Since the massive earthquake that rocked Haiti on January 12, Americans have started to adopt helpless orphans from the country. The earthquake has killed an estimated 200,000 so far, and the death rates don’t seem to be slowing down. According to the president and CEO of Joint Council on International Children’s Services, Tom Difilipio, calls and emails are pouring into the organization inquiring about adopting children abandoned in Haiti. The answer to these requests is yes.
As claimed by UNICEF, Haiti had 380,000 orphans before Tuesday’s earthquake. There’s no telling how high that number has climbed to since then. At least 1.5 million people are homeless and desperate for help.
“Everybody here [America] and in the world wants to do something. I think it’s a way that people are opening up their heads and their hearts,” said Mary Ross Agosta. Agosta is a spokesperson for the Archdiocese of Miami; an organization that shelters children until they are adopted.
Last week, 54 Haitian orphans arrived in Pittsburgh, Pennsylvania and were taken in at the Children’s Hospital of Pittsburgh. Seven of these children were adopted immediately. According to the Catholic Charities of Pittsburgh, people as far away as Alaska are willing to take these kids into their homes.
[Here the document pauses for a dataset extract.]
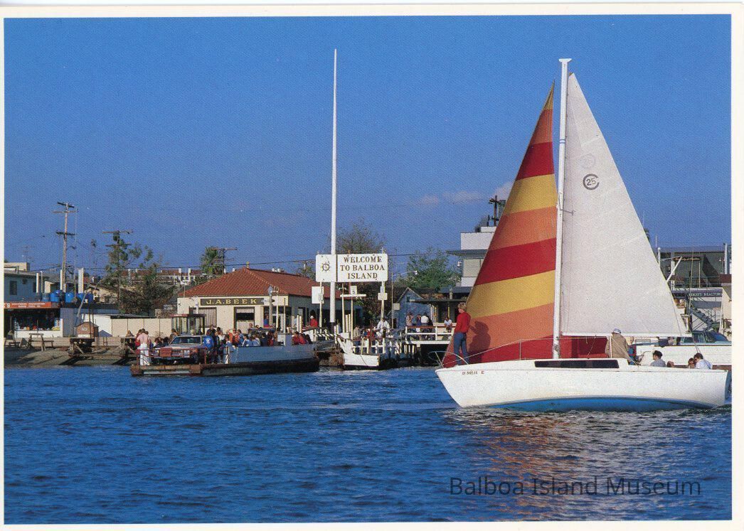 A large color postcard of the Balboa Island Ferry landing as the Ferry is beginning to pull away. There are people on the boat along with cars and several more people waiting on the dock for the next boat. The J A Beek building is behind it and the "Welcome to Balboa Island" sign is above the landing. There is a mid-sized sailboat with a colorful red-yellow-orange sail that is heading into the path of the ferry.
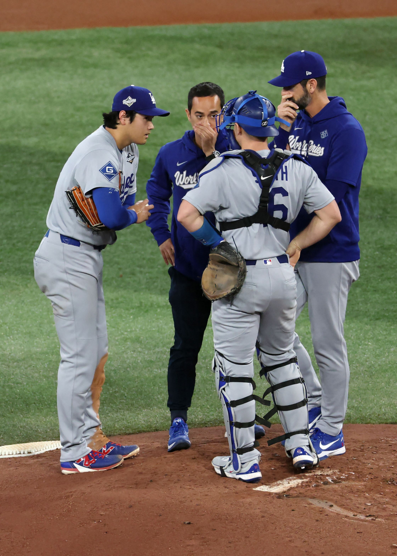 오타니는 올해 월드베이스볼클래식(WBC) 일본 대표팀으로 나서지만, 타자로만 나설 예정이다. 현재 불펜 투구를 통해 몸 상태를 차츰 끌어올려 WBC 합류 전에 타자를 상대로 라이브 피칭까지 마칠 계획이다. TORONTO, ONTARIO - NOVEMBER 01: (L-R) Shohei Ohtani #17 of the Los Angeles Dodgers talks with interpreter Will Ireton, Will Smith #16, and pitching coach Mark Prior during the second inning against the Toronto Blue Jays in game seven of the 2025 World Series at Rogers Center on November 01, 2025 in Toronto, Ontario. Patrick Smith/Getty Images/AFP (Photo by Patrick Smith / GETTY IMAGES NORTH AMERICA / Getty Images via AFP)/2025-11-02 09:48:18/ <저작권자 ⓒ 1980~2025 ㈜연합뉴스. 무단 전재 재배포 금지, AI 학습 및 활용 금지> 프라이어 코치는 "오타니의 가장 큰 매력은 자신의 등판일이 정해지면 마운드에 꼭 오른다"며 "3일 휴식, 6일 휴식, 8일 휴식이든 팀 승리를 위해 무엇이든 할 준비가 된 선수"라고 평가했다.

An estimated 100 people have called the charity in hopes of adopting.
Despite the desperate need for adoptions, the process is a grueling one. Spokesman for U.S. Citizen and Immigration Services, Chris Bentley, says that the children coming America now were already verified as orphans before the earthquake. The families adopting also need to be cleared.
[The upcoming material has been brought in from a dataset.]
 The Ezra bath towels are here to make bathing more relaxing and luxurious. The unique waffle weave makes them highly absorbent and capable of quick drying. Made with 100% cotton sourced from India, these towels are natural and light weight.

Tom Difilipio claims that this kind of adoption is a minimum two-year process, and that some families have waited five years.
The Homeland Security Department is trying to work on making the adopting process easier. So far, the U.S. has just set up a base in Puerto Rico that will serve as a place for the children to wait to be adopted by Americans.
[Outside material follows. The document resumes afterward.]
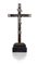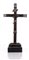 Cristo crocifisso in argento fuso e cesellato, XVIII secolo su croce da tavolo in legno ebanizzato con terminali in argento, inserita in un piedistallo parallelepipedo gradinato. La figura del Salvatore è ritratta secondo l'iconografia del Christus Patiens con aureola e corona di spine, la testa lievemente rivolta verso l'alto orientata verso la spalla destra, le braccia tese, il costato reso in evidenza dal ventre fortemente rientrante, le gambe flesse con i piedi sovrapposti trattenuti da un unico chiodo. Sulla sommità titulus crucis e teschio con tibie incrociate nella parte bassa lungo l'asse verticale cm 12x10 - con la croce cm 47x22,5x7
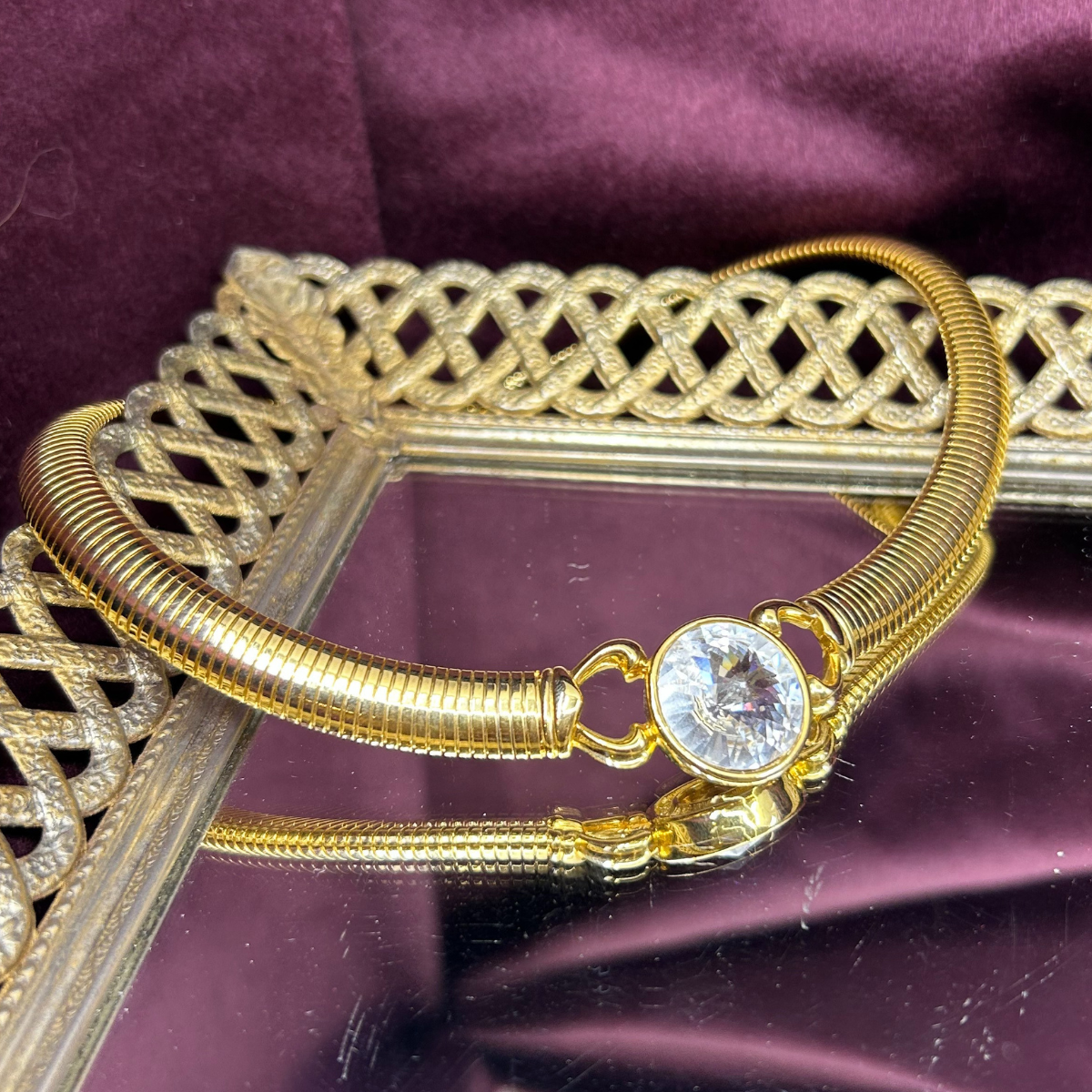Make a bold statement with this vintage omega chain choker, featuring a striking faceted cubic zirconia center that catches the light from every angle. The classic omega link design pairs timeless elegance with contemporary edge, while the choker length sits perfectly at the collarbone for maximum impact. Whether you're dressing up an everyday look or completing a night-out ensemble, this piece delivers serious style credentials without compromise.

According to State Department spokesman Darby Holladay, the orphans are a prime concern of the government. Darby says that the U.S. is working “around the clock” with Homeland Security and the government of Haiti.
UNICEF is also taking a step to help determine the status some Haitian children. The organization will help find out if some kids are missing from their families, or really are orphans. UNICEF would help reunite them with their family, or set up an international adoption.
The situation in Haiti as a whole is devastating. Knowing that there are homeless children roaming around the country is upsetting, and Americans stepping up to help these orphans is extremely heroic.